La Tunisie à l’écoute du récit historique des victimes de la dictature

Les Tunisiens plongent dans un passé douloureux ce jeudi soir avec l’ouverture, en direct à la télévision, des auditions publiques des victimes de la dictature, une étape historique sur la voie de la « réconciliation nationale ».

Sur deux jours, jeudi puis vendredi à partir de 20H30 (19H30 GMT), une dizaine d’hommes et de femmes vont raconter les exactions qu’ils ont subies, principalement sous les régimes du père de l’indépendance Habib Bourguiba (1957-1987) et du président déchu Zine El Abidine Ben Ali (1987-2011).

Presque six ans après la révolution, ces témoignages doivent permettre de donner corps au processus dit de "justice transitionnelle", lancé fin 2013 avec la création de l’Instance Vérité et Dignité (IVD), chargée de faire la lumière sur les multiples violations des droits de l’Homme des dernières décennies.

Instance autonome, l’IVD a aussi pour mission, en cinq ans maximum, de réhabiliter les victimes et de leur octroyer réparation.

"A travers ces auditions, nous allons participer à la révélation de la vérité sur les violations (…) pour tourner cette page et passer directement à la réconciliation nationale", a dit à des journalistes Khaled Krichi, un responsable de l’IVD.

Les personnes qui témoigneront "ne représentent pas que leur personne" mais "des générations entières, tous les courants politiques et les militants des droits de l’Homme, journalistes, syndicalistes et étudiants", a-t-il souligné.

Chaque victime aura de 30 à 45 minutes. Les témoignages devraient couvrir plusieurs époques et concerner "diverses régions", a précisé la présidente de l’IVD, Sihem Bensedrine, décrivant "un moment historique que nos enfants et petits-enfants étudieront dans les livres".

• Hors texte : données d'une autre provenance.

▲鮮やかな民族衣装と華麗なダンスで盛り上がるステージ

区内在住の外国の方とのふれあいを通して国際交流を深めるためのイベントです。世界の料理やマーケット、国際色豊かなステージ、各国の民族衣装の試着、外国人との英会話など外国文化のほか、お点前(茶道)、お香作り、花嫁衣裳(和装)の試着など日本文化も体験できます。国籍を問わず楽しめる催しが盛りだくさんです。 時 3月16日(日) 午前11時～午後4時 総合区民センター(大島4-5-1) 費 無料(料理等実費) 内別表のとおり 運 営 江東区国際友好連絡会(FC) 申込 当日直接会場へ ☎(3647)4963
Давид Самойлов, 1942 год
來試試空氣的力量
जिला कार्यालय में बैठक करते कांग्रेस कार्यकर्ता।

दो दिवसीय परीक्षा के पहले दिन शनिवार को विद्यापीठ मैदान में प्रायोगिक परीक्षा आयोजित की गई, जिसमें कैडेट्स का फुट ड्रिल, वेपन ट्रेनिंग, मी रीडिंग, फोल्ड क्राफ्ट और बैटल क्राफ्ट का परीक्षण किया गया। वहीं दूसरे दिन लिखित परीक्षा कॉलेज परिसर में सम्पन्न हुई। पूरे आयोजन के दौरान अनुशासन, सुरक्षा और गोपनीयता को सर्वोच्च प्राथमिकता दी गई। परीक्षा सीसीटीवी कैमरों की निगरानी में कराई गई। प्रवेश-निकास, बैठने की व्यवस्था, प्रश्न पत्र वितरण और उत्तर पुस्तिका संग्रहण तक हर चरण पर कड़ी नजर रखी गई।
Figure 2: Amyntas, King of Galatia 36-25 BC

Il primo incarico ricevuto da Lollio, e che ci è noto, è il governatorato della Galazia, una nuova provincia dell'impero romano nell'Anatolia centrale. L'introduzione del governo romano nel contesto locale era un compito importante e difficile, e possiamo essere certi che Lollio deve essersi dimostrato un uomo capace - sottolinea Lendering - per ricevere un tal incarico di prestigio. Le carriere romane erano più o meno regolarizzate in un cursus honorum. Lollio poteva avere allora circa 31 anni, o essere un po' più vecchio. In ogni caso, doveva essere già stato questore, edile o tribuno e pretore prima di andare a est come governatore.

Ces auditions devaient se tenir au Palais des congrès, en centre-ville, mais auront finalement lieu au "club Elyssa", en banlieue de Tunis, un des nombreux biens confisqués au clan de l’ex-dictateur Zine El Abidine Ben Ali.

C’est là que son épouse honnie, Leïla Trabelsi, organisait des réceptions mondaines.

D’autres auditions publiques sont prévues, a priori les 17 décembre et 14 janvier, selon M. Krichi.

Ces deux dates sont hautement symboliques car elles marquent l’anniversaire de l’immolation par le feu du vendeur ambulant Mohamed Bouazizi, qui avait déclenché la révolution fin 2010, puis le départ pour l’Arabie saoudite du président déchu Ben Ali début 2011.

D’après M. Krichi, l’audition de janvier devrait pour la première fois donner la parole à des auteurs d’exactions, notamment en matière de corruption, ayant demandé l’arbitrage de l’IVD.

L’instance dispose de très larges pouvoirs et a –en principe– un accès total aux archives publiques. Les crimes dont elle peut être saisie vont de l’homicide volontaire à la torture, en passant par le viol, les exécutions extrajudiciaires, la privation de moyens de subsistance et la violation de la liberté d’expression.

Sur les 62.000 dossiers déposés, près du quart ont été déposés par des femmes, une proportion conquise de haute lutte: les violences sexuelles constituant une large partie, beaucoup de Tunisiennes n’avaient au départ pas osé braver le tabou.

Près de 11.000 victimes ont en tout déjà été auditionnées à huis clos par l’IVD, qui a étudié les expériences d’autres pays en matière de justice transitionnelle.

Ce travail de mémoire colossal n’a pas été sans peine car "il y a encore beaucoup de réticences de la part des institutions de l’Etat", a récemment relevé Antonio Manganella, directeur du bureau local d’Avocats sans frontières (ASF).

L’IVD a elle-même été agitée par des dissensions internes, et Mme Bensedrine, une célèbre opposante sous Ben Ali elle-même victime d’exactions, est une figure qui divise.

Le concept de justice transitionnelle a en outre été assimilé par de nombreux Tunisiens à de simples demandes de dédommagement financier de la part de militants, surtout islamistes.

La démarche se heurte enfin au scepticisme d’une frange de la population, dont la vie n’a pas connu d’amélioration en dépit de la révolution. C’est notamment le cas dans l’intérieur du pays, délaissé durant des décennies et où de nombreuses collectivités réclament à présent le statut de "région-victime" auprès de l’IVD.